Баруа встает в порыве негодования; чувствуется, что он чем-то глубоко взволнован.
Он – человек действия; ежедневная полемика помогла ему обрести уверенность в себе: он любит бороться; и пыл его так неистов, что он иногда опрокидывает препятствия, прежде чем успевает заметить их; он – сила, которая все рушит…
Что ж! Церковь нас проклинает, она предает анафеме самые важные явления нашей жизни; и ей мы вверяем наших детей? Чем объяснить такое заблуждение? Уж не тайной ли надеждой, что дети, став взрослыми, легко избавятся от привитых им суеверий? Нет? Тогда как же расценить подобное лицемерие? Как ошибаются те, кто думает, будто разум, созрев, легко освободится от этого дурмана! Разве вы не знаете, как сильна вера ребенка?… Увы, человеку, на которого религия с детства наложила свой отпечаток, не дано освободиться от нее одним движением плеч, как от изношенной или ставшей тесной одежды!

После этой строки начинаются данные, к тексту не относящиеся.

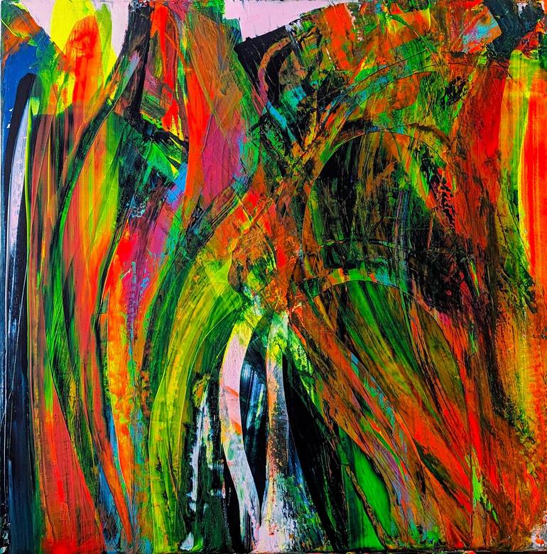 The artist chooses a background color for inspiration before diving into his painting process. This sets the mood and all other pigments selected are influenced by the the background. This painting is made up of layers and layers of contrasting colors that seem to be moving across the canvas.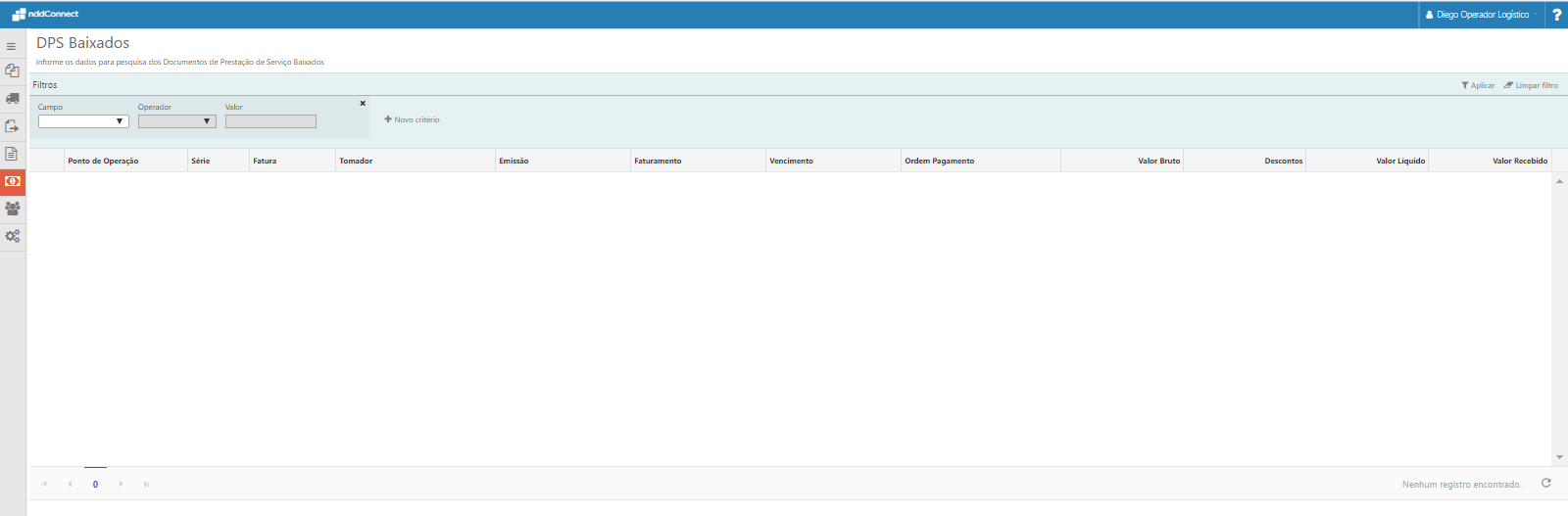 Navegação: Entrega 5 - Faturamento > Portal do Operador Logístico > Gestão de Faturamento > Faturamento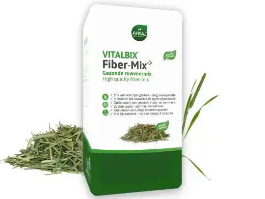 Vitalbix Fiber Mix is a unique roughage mix of healthy grasses with a low sugar content and timothy structure pellets, supplemented with 3% linseed oil.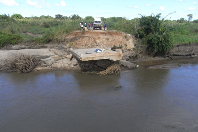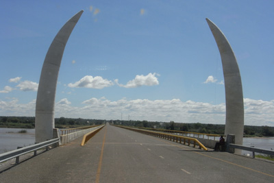 Sonntag, 15. Mai 11, Tag 29, Unit One Wenn man so wie wir von Pemba, das wir vorgestern verlassen haben, nach Daressalam will und einen Blick auf die Landkarte macht, glaubt man, dass man in der Nähe der Küste direkt nach Norden fahren kann. An der Mündung des Grenzflusses Rovuma ist auf allen Karten ein Grenzübergang eingezeichnet. Doch dieser Grenzübergang kann nur den Personenverkehr abwickeln, Reisende müssen den Fluss mit Booten queren. Seit vor Jahren die Autofähre gesunken und seither nicht ersetzt wurde, müssen Autos einen der beiden neuen Grenzübergänge Unit One, 250 Kilometer landeinwärts, oder Unit Two, fast 600 Kilometer landeinwärts, benützen. Das ist der Grund, warum wir gestern schon weit in's Landesinnere gefahren sind und heute etwa 30 Kilometer südlich des Rovuma parallel zu diesem weiter nach Westen fahren. Die Piste ist eher mäßig. Die Ausreiseformalitäten werden nun nicht mehr, wie im Internet gerade noch berichtet, im Dorf Ngapa (S11 18.106 E39 18.244), 120 Kilometer vor dem Grenzübergang, abgewickelt, sondern direkt vor der Brücke (S11 25.163 E38 29.771). In Ngapa erfolgt lediglich eine Kontrolle der Pässe und des Carnets. Vielleicht zwei Kilometer vor der Brücke biegen wir auf eine neue, breite, zweispurige Asphaltstraße ein. Unglaublich. Die Ausreiseformalitäten dauern 20 Minuten. Im Immigration Office muss ich eine unerwartete Ausreisegebühr in Höhe von 198 Mt (4,50 EUR) bezahlen, Susi nicht. Da ich keine Meticals mehr habe, begnügt sich der Officer mit 5 US-Dollar, die er auch quittiert. Dem Zollbeamten muss ich mühsam erklären, wie das mit dem Carnet funktioniert. |

Восемнадцать веков добровольного рабства подготовили благодатную почву для воспитания религиозного чувства в детях; оно переплетается с другими чувствами, влияющими на формирование ума и характера ребенка. Освобождение от веры – процесс всегда длительный, непоследовательный, часто неполный, всегда болезненный. А многие ли в существующих условиях находят в себе силу и мужество приступить к полному пересмотру своих воззрений? Я ведь остановился лишь на одной стороне проблемы: я рассмотрел опасность религиозного воспитания только в отношении отдельного человека. Но оно непосредственно угрожает и обществу. В наше время, когда вера у всех поколеблена, крайне опасно допускать, чтобы религиозные догматы переплетались в детской душе с правилами морали. Ибо, если дети привыкли рассматривать правила общественной жизни только как божественные установления, то в день, когда вера в бога будет поколеблена в их душе, вместе с нею рухнут и нравственные устои и моральные принципы, которым они следовали. Я вкратце изложил, какой опасности мы подвергаем своих детей, когда ведем себя как беззаботные или слабовольные отцы. Какими громкими словами можно оправдать наше безразличие? Я знаю, что вы ответите… Мы великодушно провозгласим нейтралитет!Трудно выполнить наш долг, я признаю это. Но не следует обманываться словами… Хотя противники и упрекают нас в частом нарушении нейтралитета, – как будто преподавание может быть нейтральным, – на самом деле он связывает только нас! Нейтралитет сегодня – это отступление перед яростной пропагандой церкви.
Это ложное положение длится слишком долго. Надо честно признать неизбежность борьбы – великой борьбы нашей эпохи. И лучше вести ее публично, на равных началах, а не тайно. Если священники пользуются правом открывать школы и внушать детям, будто мир сотворен из ничего за шесть дней, будто Христос – сын бога отца и матери-девственницы, будто он сам по себе восстал из могилы через три дня после погребения и вознесся на небо, где с тех пор восседает по правую руку бога, то и мы вправе открывать школы и доказывать в них, опираясь на разум и науку, на каких невероятных суевериях держится до сих пор католическая вера! Если истину и заблуждение поставить в равные условия, победа будет на стороне истины! Да, мы за свободу, но не только за свободу священника на уроках катехизиса, но и за свободу разума, за свободу ребенка!